Exhibit 99.1
FOR: | Jarden Corporation | |||
CONTACT: | Martin E. Franklin | |||
Chairman and | ||||
Chief Executive Officer | ||||
914-967-9400 | ||||
Investor Relations: Erica Pettit | ||||
Press: Evan Goetz/ Melissa Kahaly | ||||
FD | ||||
212-850-5600 |
FOR IMMEDIATE RELEASE
JARDEN REPORTS THIRD QUARTER 2009 RESULTS
Record Third Quarter Cash Flow from Operations of $117 Million, Compared to a Use of Cash of
$(12) Million in 2008
RYE, N.Y., October 28, 2009 — Jarden Corporation (NYSE: JAH) today reported its financial results for the three and nine months ended September 30, 2009.
For the three months ended September 30, 2009, net sales decreased to $1.4 billion compared to $1.5 billion for the same period in the previous year. Approximately $44 million of the $104 million decrease in net sales was due to foreign exchange fluctuations and declines in Jarden Process Solutions between the periods. The balance of the decrease was primarily due to overall retail weakness as a result of the macro economic environment. For the third quarter of 2009, the Company recorded net income of $73.7 million, or $0.83 per diluted share, compared to net income of $63.8 million, or $0.83 per diluted share, for the third quarter of 2008. On a non-GAAP basis, adjusted net income was $82.2 million, or $0.93 per diluted share, for the third quarter of 2009, compared to $74.9 million, or $0.98 per diluted share, for the third quarter of 2008.

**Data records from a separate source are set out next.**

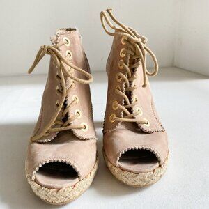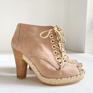 Stuart Weitzman Light Beige Suede Espadrille Detail Heeled Peep Toe Booties 7.5
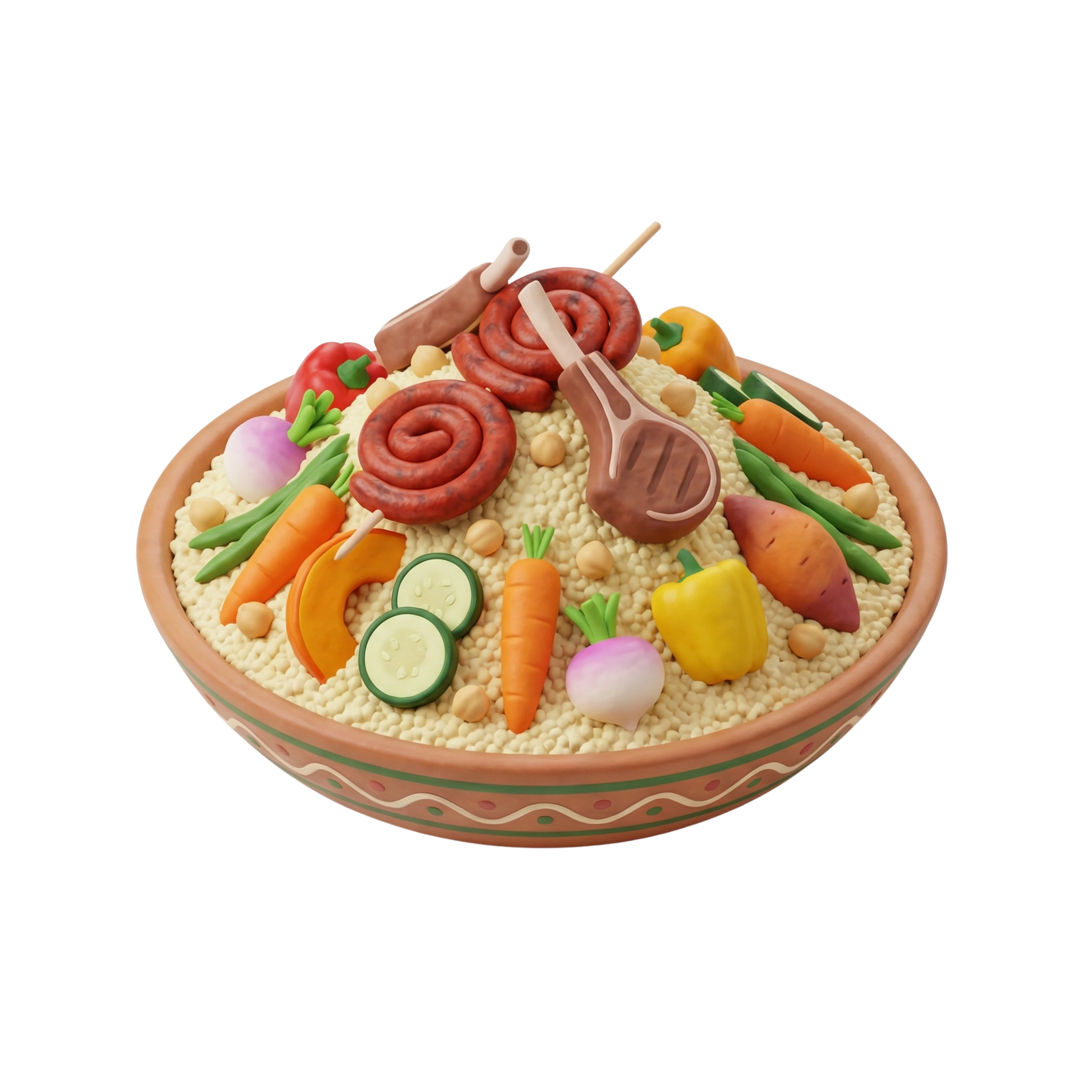 Traditional Couscous Royale with Grilled Meats and Vegetables
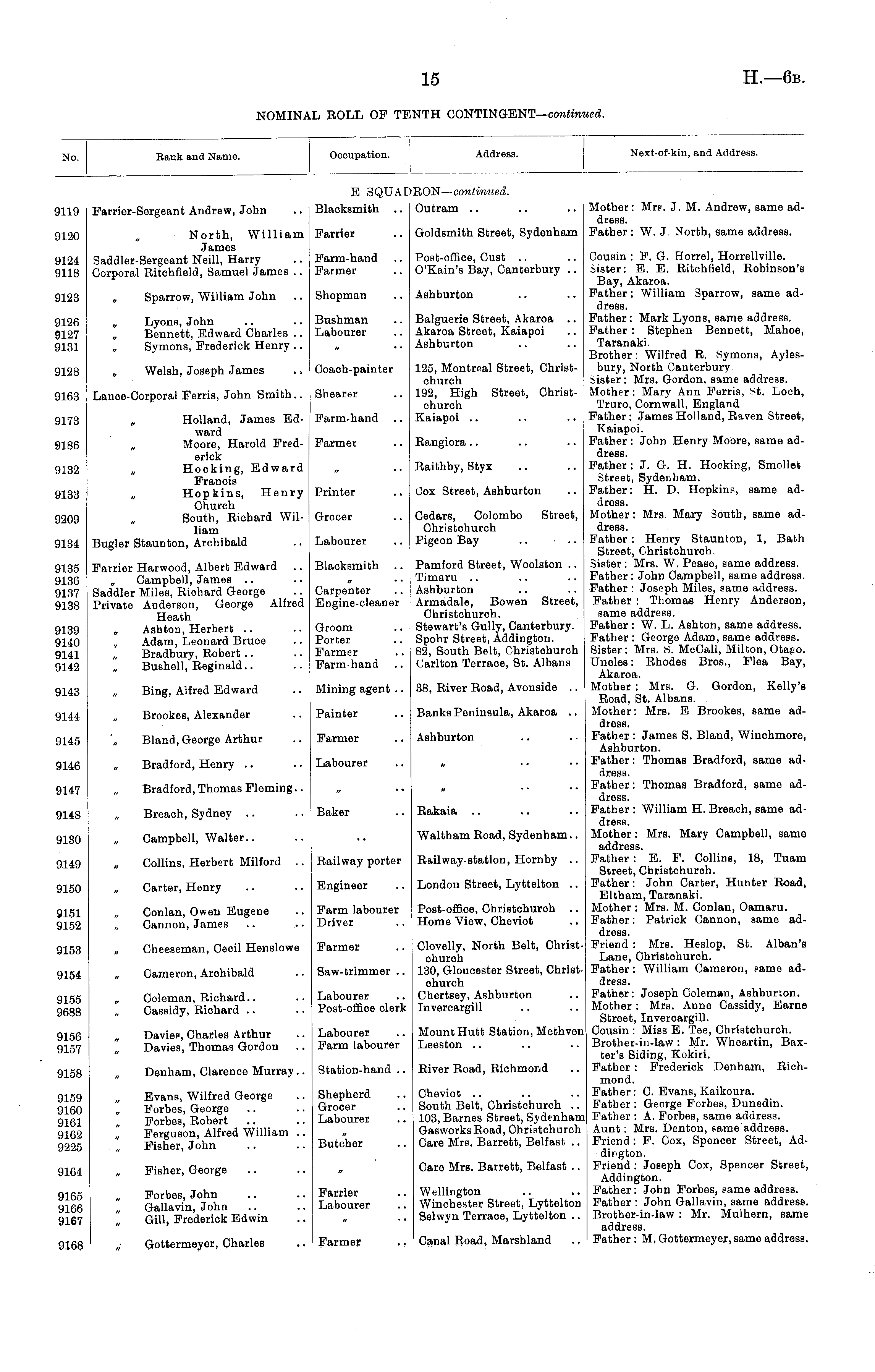 NOMINAL ROLL OF TENTH CONTINGENT— continued.
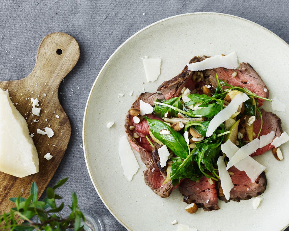 4. Servering: Skær roastbeefen i så tynde skiver som muligt med en skarp kokkekniv, og anret skiverne på 2 tallerkener. Top kødet med rucolasalat, mandler og parmesan. Drys med lidt af den kogte perlebyg, og server resten i en skål ved siden af. Krydr retten med salt og peber, og server straks.
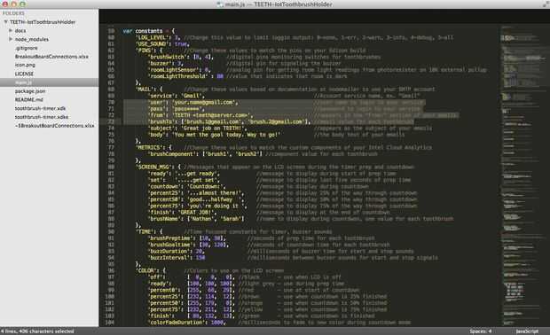 Ahora que el hardware y los servicios están listos, es momento de Edison con el código fuente T.E.E.T.H. del programa.
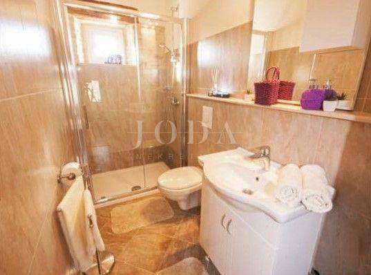 Kuća je dvojna od toga je 120m2 uređeno za najam,u prizemlju se nalazi dnevni boravak,blagovaona i kuhinja te izlaz u
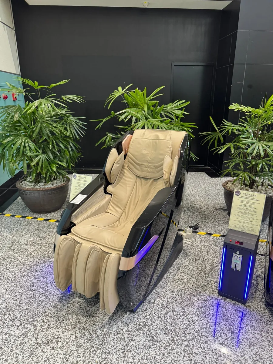搭乗まで少し時間があるので、先にD1の無料マッサージチェアに座る(トークンは近くの店舗で受け取れます) 。
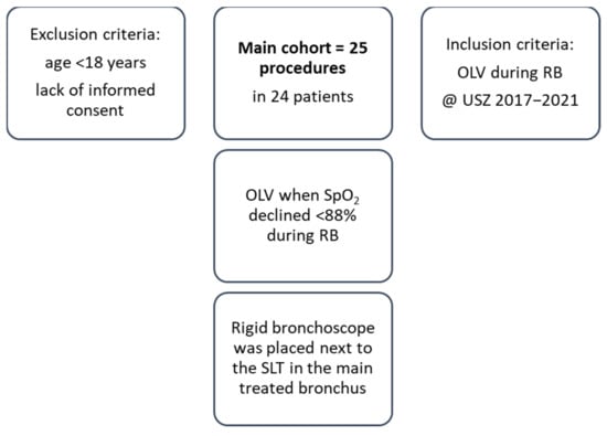 All consecutive patients receiving OLV during RB at the University Hospital Zurich were enrolled in this descriptive, retrospective study from 1 January 2017 to 12 May 2021. Exclusion criteria were as follows: age < 18 years and lack of informed consent. All patient-related data, including demographic and clinical data, were obtained from electronic patient record files. These data included bronchoscopy reports, radiological and medical data, anesthesia protocols, and follow-up interviews. Cancer stage was classified according to the eighth edition of the American Joint Commission on Cancer (AJCC) TNM staging system for non-small cell lung cancer [17]. The study was approved by the Competent Ethics Committee of the Canton of Zurich (ID 2021-01380).
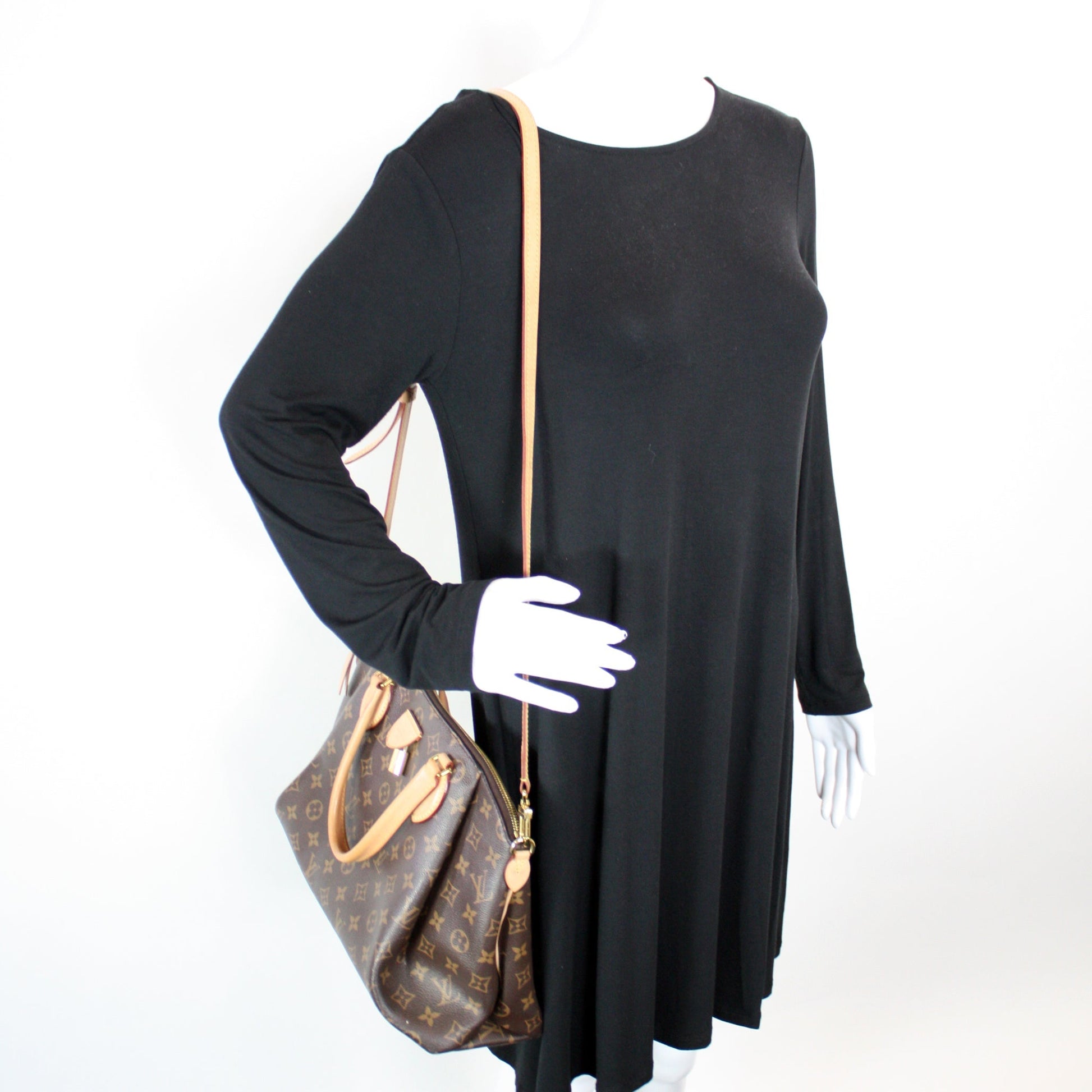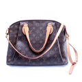 This Louis Vuitton Rivoli NM MM is d 100% . The exterior is in the classic Louis Vuitton Monogram coated canvas.
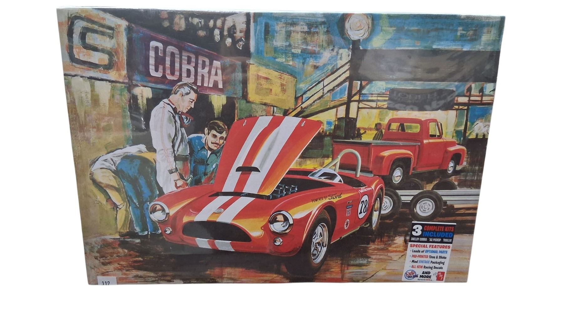 NIB 3 complete Gramd Prix model assembly kits all 1:25 scale, Shelby Cobra, 53 Pickup, Trailer
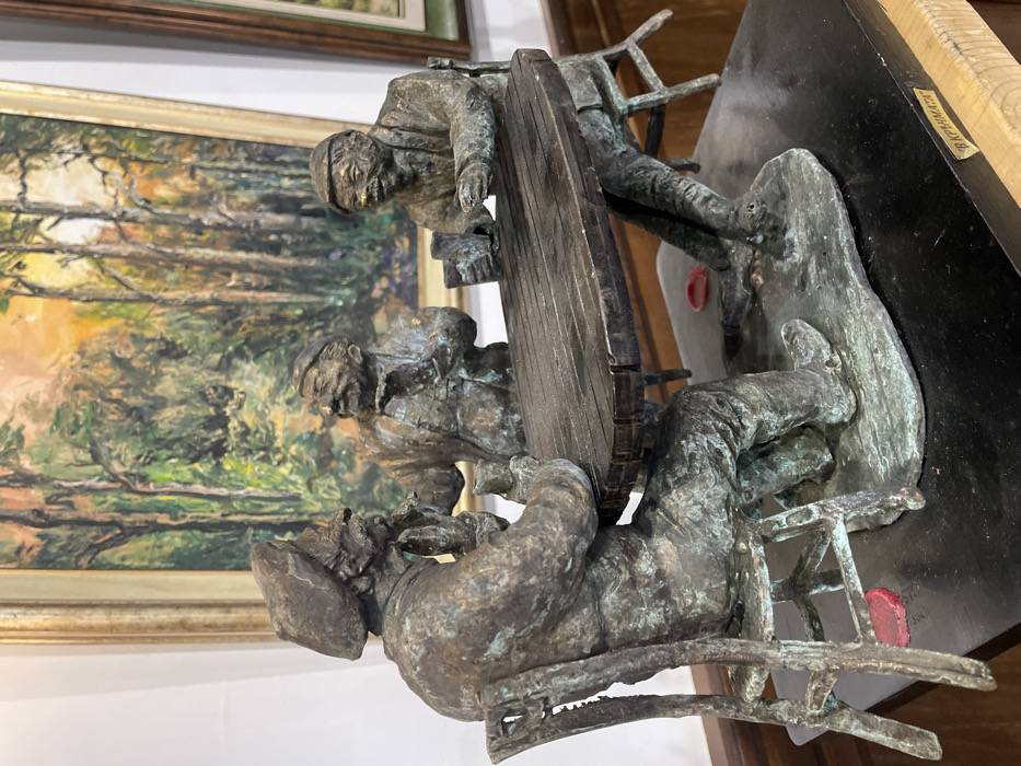 A bronze sculpture depicting three seated male figures engaged in conversation around an oval table is prominently displayed indoors in Golyamo Dryanovo, Bulgaria
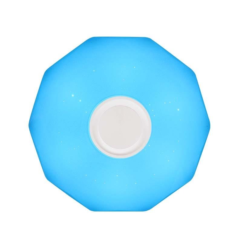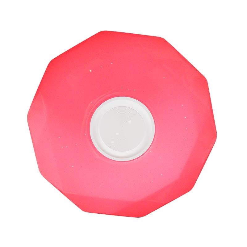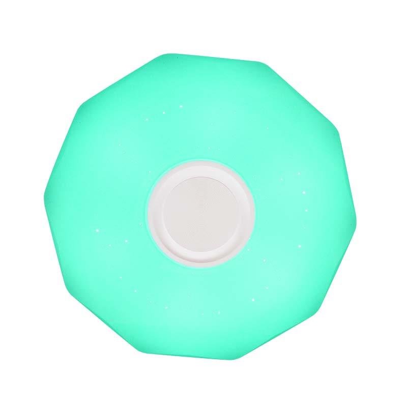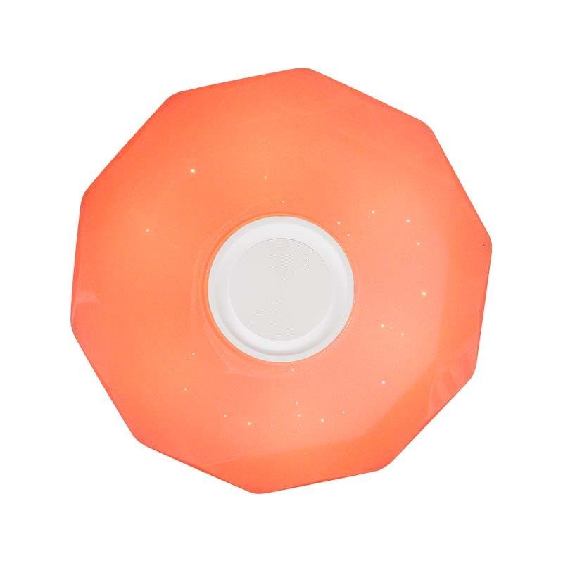 – Potencia: 24 W. – 1.440 Lumens. – Diámetro: 350 mm. – Ángulo iluminación: 230º. – 30.000 horas de vida. – 15.000 Encendidos. – Encendido inmediato. – Reproductor de música con solo conectar el bluetooth en su smartphone. – Proporciona una luz brillante y colorida. – 4 modos de iluminación (6.500K – 2.700K – 4.000K – luz de noche). – Incluye mando a distancia. – Cambio de color RGB. – A+.
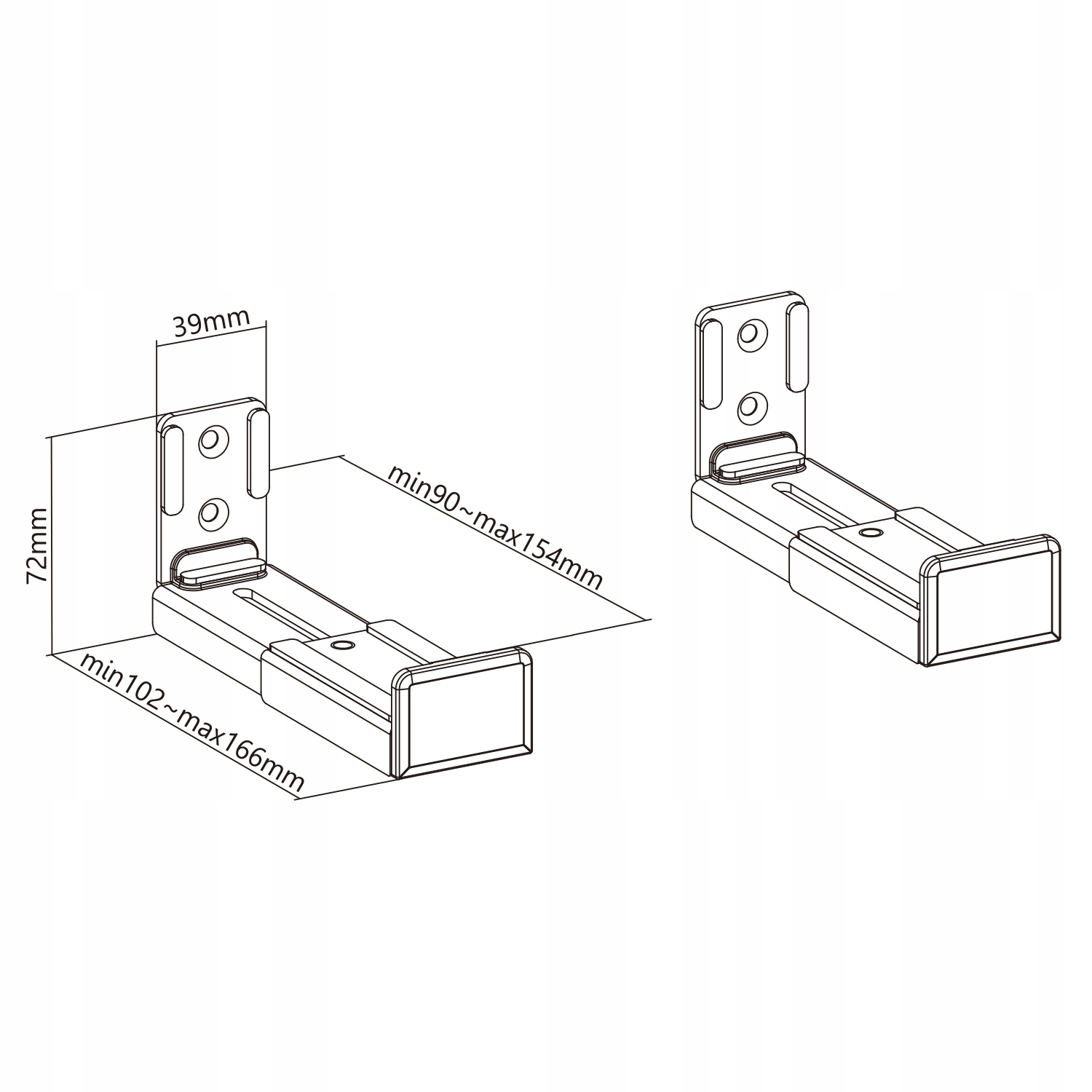 Універсальний тримач для саундбарів із регульованою глибиною від мін. 9 см до макс. 15,4 см. Підходить для всіх популярних звукових панелей. Кронштейни також можна використовувати для настінного кріплення 2 акустичних боксів глибиною від 9 до 15,4 см. Кронштейни забезпечують стійку установку на стіні. Загальне навантаження 15 кг. Гумова прокладка на опорах захищає динаміки від подряпин.

For the nine months ended September 30, 2009, net sales decreased to $3.8 billion compared to $4.0 billion for the same period in the previous year. Approximately $189 million of the $273 million decrease in net sales was due to foreign exchange fluctuations and declines in Jarden Process Solutions between the periods. The balance of the decrease was primarily due to overall retail weakness as a result of the macro economic environment. For the nine months ended September 30, 2009, the Company recorded net income of $127.5 million, or $1.53 per diluted share, compared to net income of $111.5 million, or $1.46 per diluted share, for the same period in 2008. On a non-GAAP basis, adjusted net income was $152.0 million, or $1.82 per diluted share, for the nine months ended September 30, 2009, compared to $146.2 million, or $1.91 per diluted share, for the same period in 2008.
Please see the schedule accompanying this release for a reconciliation of non-GAAP segment earnings, adjusted net income and adjusted diluted earnings per share to the comparable GAAP measures.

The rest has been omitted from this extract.